RV maintenance: top 10 new season checks

Motorhome _maintenance

With spring just around the corner, many of you will be thinking about new travel destinations and planning summer road trips. But if your motorhome or caravan has been hibernating over winter, now’s a good time to make sure it’s road-worthy and free from any potential problems.

In the first of our new technical features, MCD talked to SmartRV’s fleet manager Patrick Frick, who joined the team at SmartRV in 2010 after moving to New Zealand from Germany. He did his apprenticeship at Mercedes-Benz in Stuttgart and was trained at the Bürstner and Hymer factories, and has experience in working on all makes and models of motorhome and is a certified self-containment officer. 

1. Wheels and tyres

  • Check for cracks in the sidewall of your tyres.
  • Check tyre tread depth – the minimum is 1.6mm but for campers we recommend at least 3mm.
  • Inspect for any punctures or flat spots. We recommend putting the vehicle on axle stands if you intend to park it over an extended period of time to avoid getting flat spots.
  • Ensure your tyres are not older than seven years. An easy way to do this is to check the DOT number on the sidewall of the tyres, e.g. 1513 means the tyre was manufactured in week 15 of 2013.
  • Rotate the wheels every year or at each service.
  • Check brake pad thickness and disc wear as per manufacturer specifications.
  • Inspect the wheels for any cracks or damage. Ensure wheel nuts are tightened to the correct torque setting. If you’re uncertain, enquire at your dealership or a trusted workshop.

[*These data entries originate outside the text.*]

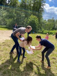 Am Nachmittag wurde das Spiel "Familienduell" schon von dem ein oder anderen sehnsüchtig erwartet. Ob Familie Kirner es schaffen würde in verschiedenen Spielen den Titel zu verteidigen? In verschiedenen Spielen, vom "NASA-Spiel", über "T-Shirt übergeben" bis hin zum "Evolution-Spiel" mussten die Familien ihr Geschick und die Teamfähigkeit unter Beweis stellen. Am Ende gab es in der "längjährigen" Geschichte des Familienduells ein Novum: Erstmals teilten sich zwei Familien den Titel und so gehörten wir am Ende des Tages alle zur Famlie Weber-Wegener!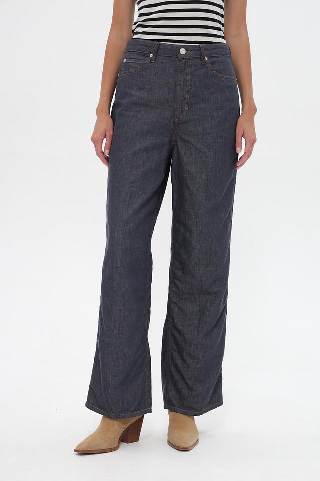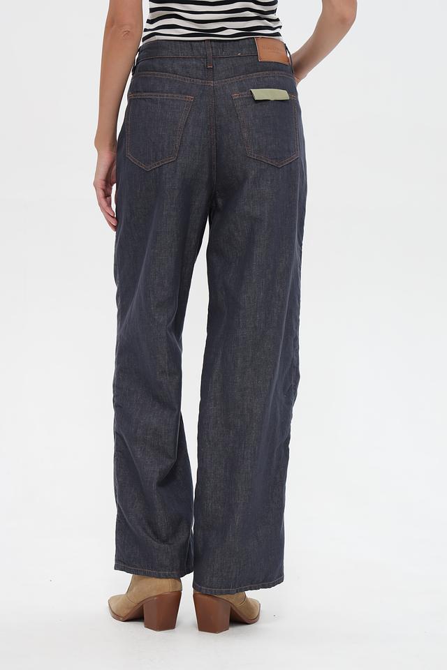 Женские джинсы Marc O Polo синего цвета, выполнены из хлопка с добавлением льна. Модель широкого кроя с высокой посадкой и классическими карманами. Состав: хлопок 70%, лен 30%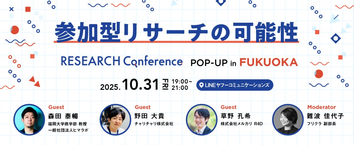 博多会場では懇親会も予定しておりますので、福岡のリサーチ実践者との交流をぜひお楽しみください。また、YouTube Liveでもオンライン配信もございますので、ぜひ福岡エリア以外の方もご参加ください!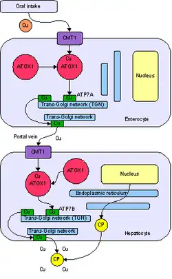 Copper enters the body through the digestive tract. A transporter protein on the cells of the small bowel, copper membrane transporter 1 (Ctr1; SLC31A1), carries copper inside the cells, where some is bound to metallothionein and part is carried by ATOX1 to an organelle known as the trans-Golgi network. Here, in response to rising concentrations of copper, an enzyme called ATP7A (Menkes' protein) releases copper into the portal vein to the liver. Liver cells also carry the CMT1 protein, and metallothionein and ATOX1 bind it inside the cell, but here, ATP7B links copper to ceruloplasmin and releases it into the bloodstream, as well as removing excess copper by secreting it into bile. Both functions of ATP7B are impaired in Wilson's disease. Copper accumulates in the liver tissue; ceruloplasmin is still secreted, but in a form that lacks copper (termed apo-ceruloplasmin) and is rapidly degraded in the bloodstream.[16]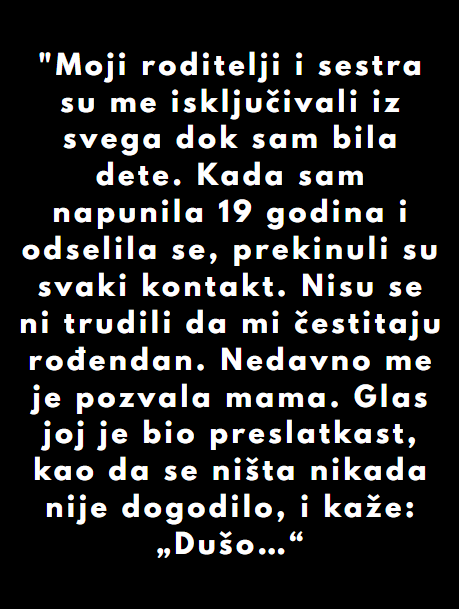 “Moji roditelji i sestra su me isključivali iz svega dok sam bila dete…”
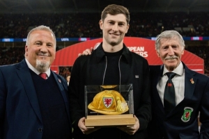 體育資訊3月28日訊 威爾士隊向本·戴維斯頒發“金色帽子”,表彰他達成威爾士隊出戰100場里程碑。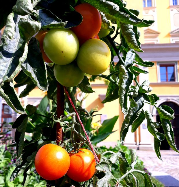 In die Kübel der Reichenstraße kamen Litchi-Tomaten, die nicht nur mit ihrem ungewöhnlichen Stachelwuchs besonders sind, sondern auch durch den Geschmack nach Kirsche. Hier sind schon erste Fruchtansätze zu erkennen. In der stacheligen Hülle verbirgt sich ein Kügelchen, das sich zu einem roten, fruchtig-süßen Leckerbissen entwickeln wird.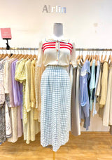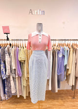 Introducing our Grey Checked Midi Skirt, a stylish and versatile piece that showcases the timeless charm of a checked pattern.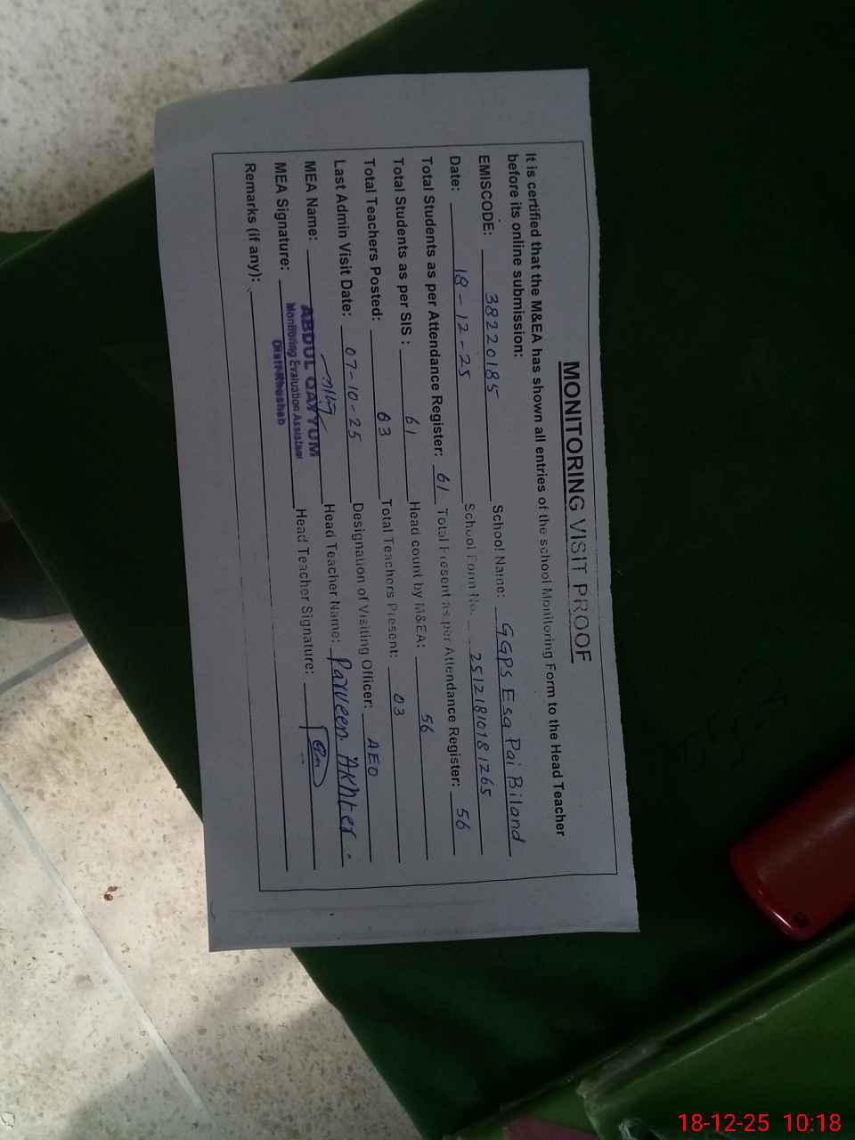 | Attendance Register | Head Teacher | MEA with School | Visit Proof |

2. Water system sanitation

  • Empty any fresh water and flush it through before refilling. A fresh water treatment is recommended if you intend to drink the water without boiling. When refilling it is important to use drinking water.
  • Clean or replace your water filter if installed. Fresh water filters are recommended and can be retrofitted to almost any vehicle.
  • Sanitise your waste water tank by filling the tank completely with water and add a waste water tank treatment. Flush and repeat for best results.

3. Plumbing

  • All vehicles that are self-contained have a waste trap for the shower drain, if this is accessible, we recommend opening it up and cleaning it.
  • Make sure any breather hoses are not blocked with dirt as this can result in the water draining slowly.
  • To ensure the vehicle is still compliant with self-containment regulations, visually inspect that waste pipes, hoses and caps are not damaged.

4. Gas appliances

  • Visually inspect gas lines for damage, kinks, or cracks. Ensure gas bottles are secured and gas compartment vents are not blocked.
  • Check that gas bottles are less than 10 years old.
  • Although gas certificate are issued for a lifetime, we strongly recommend a certified gasfitter checks all components each year, including performing a leak test.
  • It’s a good idea to install a gas detector to detect any leaks.
  • Ensure any repairs on the gas system are undertaken by a certified gasfitter.

5. Safety equipment

  • Test all smoke detectors to ensure they’re working properly.
  • Check the pressure gauges on fire extinguishers. If it’s all ok, the needle should be sitting it the green zone. Ensure the pin is still in.
  • Replenish first aid kits and check expiry dates on all items.

6. Battery

  • It’s a good idea to disconnect the battery before parking up for winter. If you have a good multistage charger, it’s ok to leave it on charge over winter.
  • Check battery fluid levels and top up accordingly using distilled water.
  • Ensure batteries are secured, still have their breathers attached and vent to the outside of the vehicle.
  • If you haven’t charged the battery over the winter, give it a good charge for at least 24 hours on mains. If in doubt, have it checked by a workshop.

7. Awning

  • Visually inspect that your awning is secure and not damaged.
  • Lubricate all moving components with a spray lube to allow for easy operation.
  • It might also pay to fully open it and give the fabric a clean but let it dry up before putting it back together.

8. Towing gear

  • Connect your caravan to your car and check the lights still work on both the car and the caravan.
  • Ensure your jockey wheel is in good condition, cable and connector for lights are in good condition, safety chain and U-bolt are still there and secure, coupling operates smoothly, and that all locking pins are present and secure.
  • Make sure your vehicle’s tow bar is also in good condition and is secure.
  • Ensure your tow bar towing capacity is high enough for the weight of the caravan.

9. Check for leaks, inspect seals

  • A simple leak check can be performed by spraying water along the seals and vents, solar, satellite etc and monitor water entry.
  • We recommend having your vehicle checked yearly with a moisture meter as this will show areas of concern you might otherwise miss until it is too late and the timber framing requires an expensive repair.

10. Fluid levels

  • Check engine oil, gear oil (if vehicle has dipstick for transmission), power steering fluid, windscreen washer fluid, brake fluid level and coolant and top up according to manufacturer specifications.
  • Low coolant or power steering fluid levels could indicate a leak.
  • Low brake fluid level usually indicates brake wear.
  • Check for leaks underneath vehicle.